A Great Day for Employees Before the United States Supreme Court!

On Tuesday, the United States Supreme Court severely limited the reach of its 2011 class action decision in Wal-Mart Stores v. Dukes.  Remember, Dukes threw out a large class action against Wal-Mart alleging race discrimination in promotional opportunities.  The case has been a killer for potential class action claims in employment cases.  Not anymore.

In Tyson Foods v. Bouaphakeo, the Supreme Court sided with thousands of workers at a pork processing plant in Iowa who sought class action status to recover overtime pay.  Perhaps the most important part of this opinion, however, is not just the result, but the vote—6-2, which the usual suspects dissenting (Justice Clarence Thomas and Justice Samuel Alito).

Justice Anthony Kennedy, writing for the Court, held the plaintiffs were entitled to rely on statistics to prove their case.  According to Justice Kennedy’s opinion, the Tyson workers performed tasks that were “grueling and dangerous,” including slaughtering hogs, trimming the meat, and preparing it for shipment. They sought to be paid for the time they had spent putting on and taking off protective gear to prevent knife cuts (what is called a “donning and doffing” case).

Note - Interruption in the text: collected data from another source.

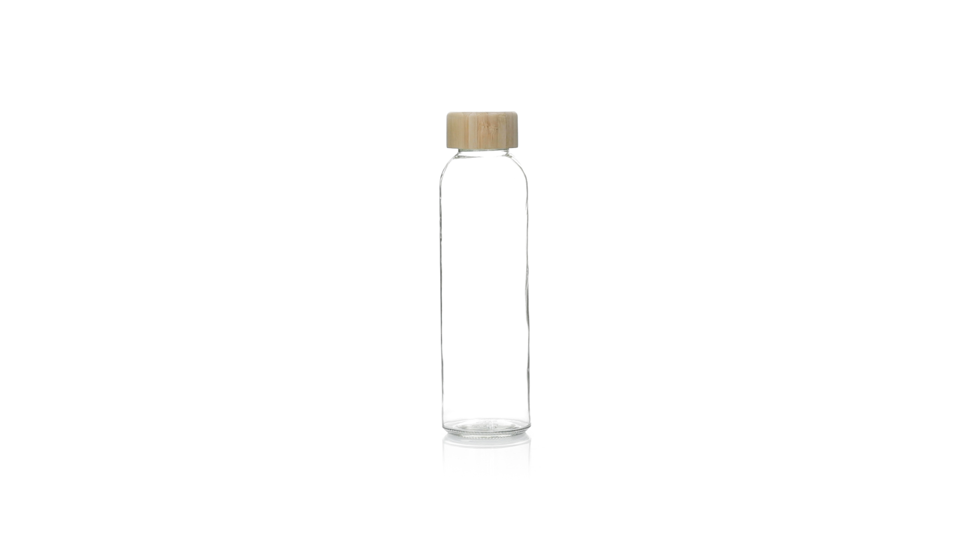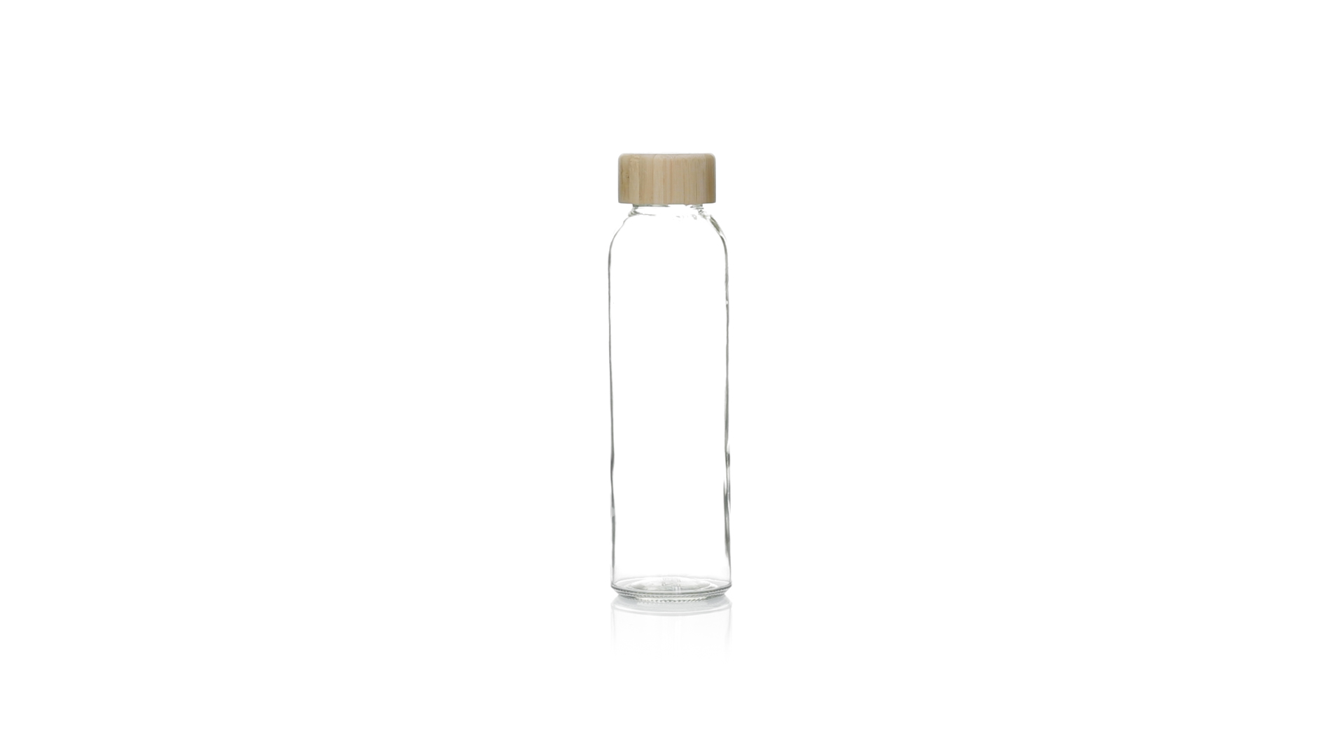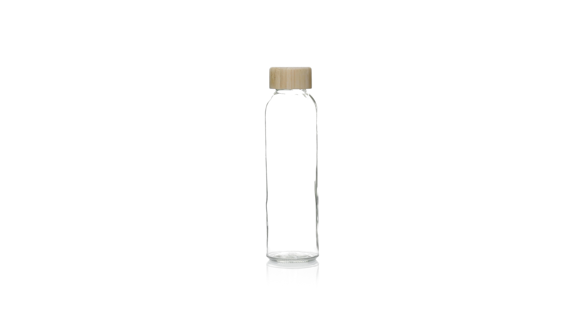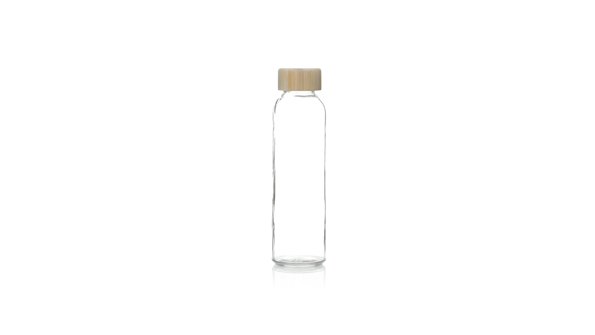 Transparente Glasflasche, 500 ml Fassungsvermögen und Bambus-Schraubverschluss, BPA-frei. Präsentiert in einer attraktiven Kraft-Design-Box.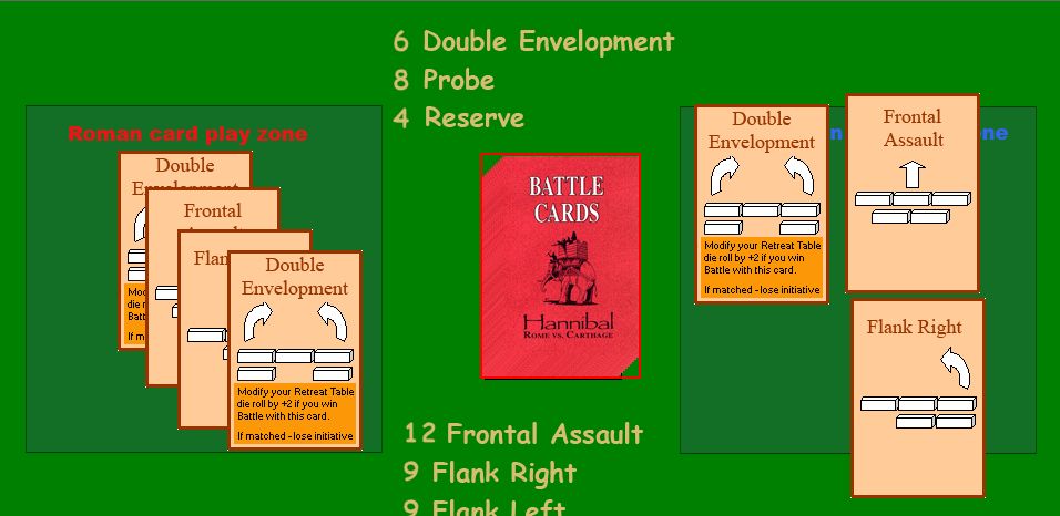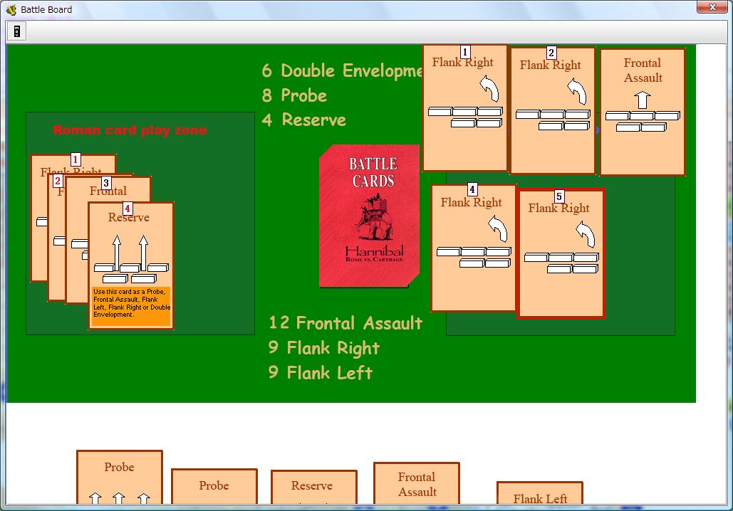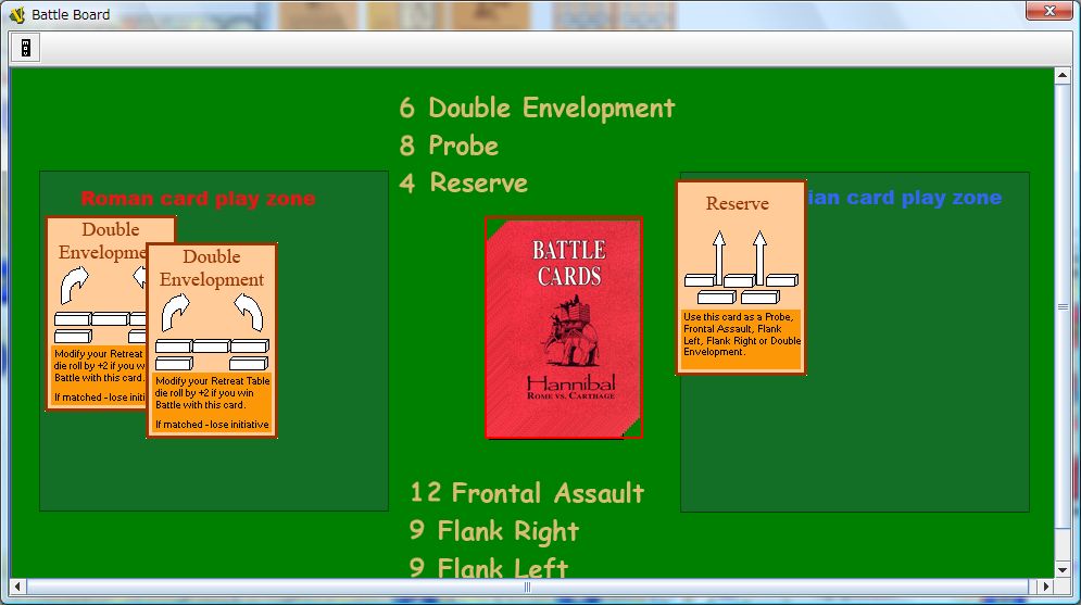 そしてアフリカヌスは探りを出すと、ハンニバルは対抗手段がなく、この会戦の敗北が決まってしまった。探りはハンニバルの特殊能力を発揮できるカードであるが、探りは他から変えようがないのだ。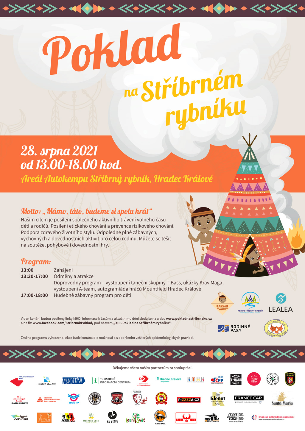 V sobotu 28. srpna 2021 se v areálu kempu Stříbrný rybník bude konat už 8. ročník úspěšné akce s názvem Poklad na Stříbrném rybníku. Pro ději je připravena spousta zábavy na více než třiceti stanovištích, z nichž jedno obsadí Mountfield HK. U stánku hradeckých hokejistů bude probíhat mimo jiné nábor do kurzu ledního hokeje, v 15:00 na místo dorazí také trojice hráčů A-týmu – Henri Kiviaho, Richard Nedomlel a Michael Gaspar – která se bude všem příchozím podepisovat. Více informací na pokladnastribrnaku.cz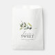 In dieser Gastgeschenk Hochzeit-Tasche finden Sie die Worte "Liebe ist süß" in trendiger Typografie. Der Ober wird von einem Olivenzweig mit Aquarellfarbe umrahmt. Verwenden Sie die Vorlagenfelder, um Ihre Namen, Ihr Hochzeitdatum oder Ihren benutzerdefinierten Text hinzuzufügen. Um mehr rustikale Hochzeitskunst zu sehen, besuchen Sie www.zazzle.com/dotellabelle Kunst und Design der Wasserfarben von Victoria Grigaliunas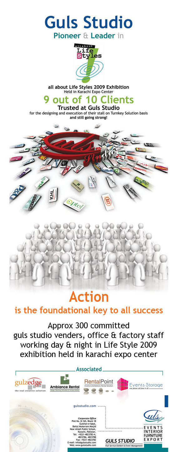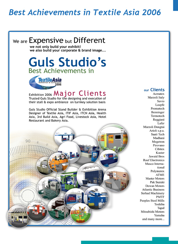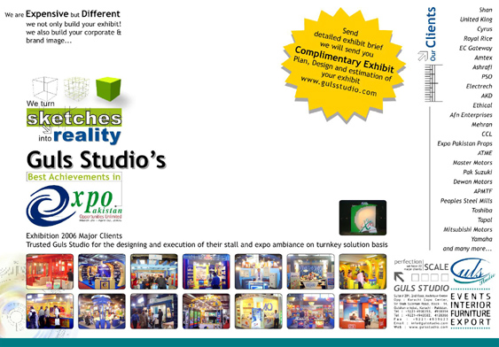Guls Studio Pakistan mega Exhibition Official Ambiance Design from 2001 to 2014: Guls Studio has been Official Ambiance Designer from 2001 to 2014 Every 9 out of 10 Exhibitor’s Official Ambiance Designs belongs to Guls Studio.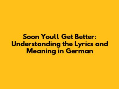 In conclusion, "Soon You'll Get Better" is a masterpiece of emotional storytelling that transcends linguistic boundaries. Whether you listen to it in English or German, the song's message of hope, love, and resilience shines through. By exploring the German translation, we can gain a deeper appreciation for the nuances of language and the power of music to connect us on a human level. So, keep listening, keep exploring, and keep finding solace in the songs that speak to your heart.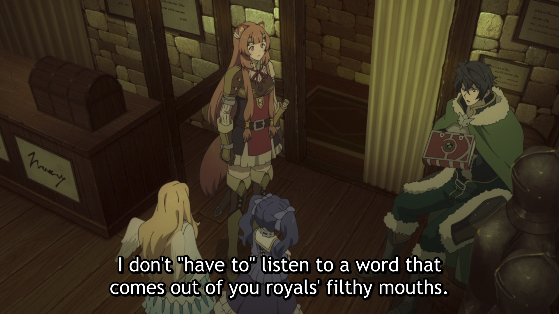 Recently in the series (as of episode 12), Naofumi has gained enough power to start fighting back against the system thanks mostly to the shield powers derived from his feeling of hate. This is where I believe the show will explore a second set of ideas. After having been screwed by the system for so long, Naofumi feels cold and angry, leading him to take his rage out on uninvolved people, such as Melty. Getting back at the king for wronging him truly made a good scene and it felt just right for revenge, but allowing that to go unchallenged would undo all the good the show has done so far. Progress is never made by antagonizing everyone, so Naofumi has to change his attitude or risk losing all the goodwill build up from helping the citizens of the country. If anti-prejudice is supposed to be a theme, it would be best for the show to similarly criticize Naofumi's prejudice against the royal family, and women more broadly as well.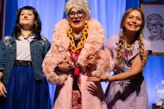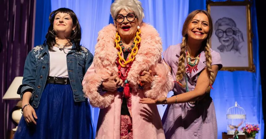 A encenação ganha força ao colocar frente a frente duas gerações. De um lado, experiência, memória e liberdade conquistada; do outro, desejo, urgência e construção de futuro. Sofia vive uma jovem repórter que entrevista uma personagem inspirada na icônica Iris Apfel — figura que, aliás, nunca pediu licença para ser quem era. O que começa como entrevista vira um jogo gostoso de escuta, provocações e cumplicidade.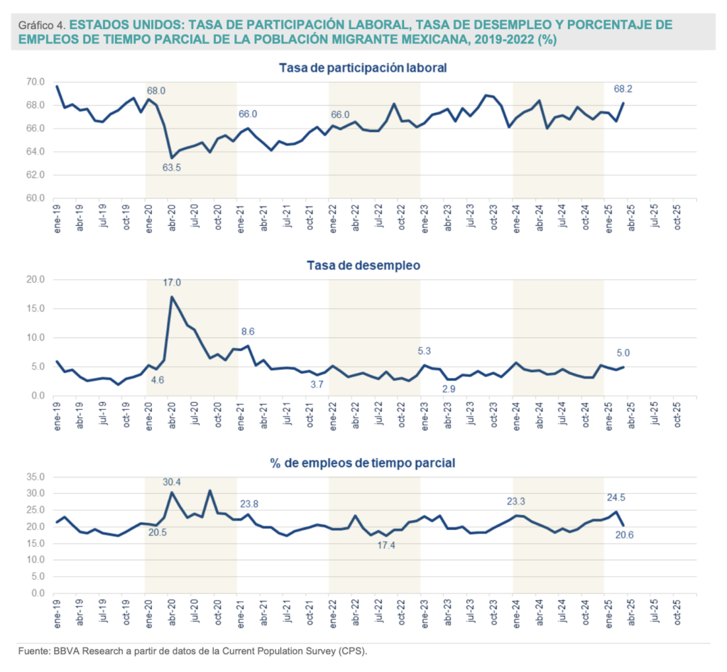 Sin afectaciones la tasa de desempleo de los migrantes mexicanos (documentados y no documentados) en EE.UU. UU., fue de 5.0% en marzo de 2025, nivel similar al reportado entre 2023 y 2024. Tampoco se han observado cambios relevantes en la tasa de participación laboral y en el porcentaje de empleos de tiempo parcial en el entorno actual con políticas antimigratorias más agresivas.

Tyson argued against class action status because, it said, there were not accurate records of how much time and how often each worker spent donning and doffing the protective gear.  But the Court allowed the class to prove their damages based on an expert witness’s statistical inferences from hundreds of videotaped observations of how long it took the workers to get ready.

Here’s the best part of the opinion—“[Dukes] does not stand for the broad proposition that a representative sample is an impermissible means of establishing classwide liability.”

In a dissent that sounded the familiar “corporations over people” theme, Justice Thomas, joined by Justice Alito, lamented the opinion as putting “employers to an untenable choice.”  “They must either track any time that might be the subject of an innovative lawsuit, or they must defend class actions against representative evidence that unfairly homogenizes an individual issue.”

This was the second major opinion from the Court to favor class actions.  In Campbell-Ewald v. Gomez, a non-employment case, the Supreme Court ruled (6-3) that companies cannot moot class action cases by “cherry pick” lead plaintiffs through an offer to give the lead plaintiff everything he or she sought.